Chul Chung: Biden, and Global Trade Architecture
2020-12-14 IMIThis article appeared in KIEP Opinions on December 10, 2020.
Chul Chung, Ph.D., Senior Research Fellow, International Trade Department Korea Institute for International Economic Policy.
Following the 2020 United States presidential election, economists have high hopes for the president-elect, Mr. Joseph Biden, and for the next US administration. The hopes are especially for the potential changes in the global trade architecture. Over the past four years the Trump administration dismayed and created confusion in the world economic order and multilateral trading system (MTS).
Mr. Biden’s policies are bundled under the slogan, “Build Back Better.” Over 7.3 trillion dollars are to be spent on initiatives such as green infrastructure including the creation of clean-energy jobs, and in the area of housing, education and health care. The first order of these initiatives is centered on the US domestic economy such as recovery from the COVID- 19 pandemic and an economic recovery plan for working families. At the same time, however, Mr. Biden has emphasized working with allies to create a rules-based system and rebuild US leadership on the global stage. As Biden has declared, “America is back and ready to lead the world.”
There are quite a few outstanding issues in the global agenda. Other than the COVID-19 pandemic and its consequences on the world economy, global issues that call for urgent attention are climate change and the multilateral trading system. Mr. Biden vows to rejoin the Paris Agreement on his first day of office in the White House. During the election, Biden promised that the next US administration is committed to fighting climate change, reducing carbon footprint, and pursuing clean energy revolution. It has not been crystal clear, however, how he will tackle many outstanding issues concerning the MTS.
The multilateral trading system operated mainly by the World Trade Organization (WTO) is in crisis. Most outstanding issues currently facing the WTO include failure in trade negotiations and malfunction of the dispute settlement system, among others. The Doha Development Agenda (DDA) is the WTO’s first and ambitious trade negotiation round, which began in 2001. Despite several efforts to conclude the Doha round, negotiations were put to an end without reaching an agreement, that is, a de facto failure of the DDA. Meanwhile, the Appellate Body (AB) of the dispute settlement system is defunct without a judge in the appeals body. Starting from the Obama administration’s veto to reappointment of a South Korean AB member, the Trump administration has blocked further appointments of new judges. One of the reasons for the United States opposing the appointment of AB members is the “judicial overreach” issue. As a result, the AB has lacked a quorum to deliver decisions since December 2019, and now all seven seats are vacant with the last judge’s exit on November 30, 2020. What is worse, the post of WTO Director-General, who is supposed to play a crucial role for the most needed reform and reinvigoration of the WTO, has stood vacant since August 31, 2020, after Roberto Azevêdo resigned from the position.

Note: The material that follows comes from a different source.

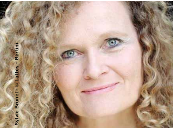
Sylvie Brunel

Obviously Biden is not going to be panacea to all the global issues outstanding. Even if America returns to the global stage with Biden’s new policy initiatives, it would be hard to imagine the world going back to the pre-Trump era. One of the most notable conflicts is trade disputes between the United States and China and strategic competition in technology and security. The problem is aggravated by the reality that it is not just a problem of the Trump administration. For example, the US Congress recently unveiled legislation of the 2021 National Defense Authorization Act (NDAA) and the Holding Foreign Companies Accountable Act. Evidently, they represent growing bipartisan pressure on China. According to the Pew Research Center, negative evaluations of China have increasingly climbed within the US, in particular 20 percentage points up during the past four years of the Trump administration.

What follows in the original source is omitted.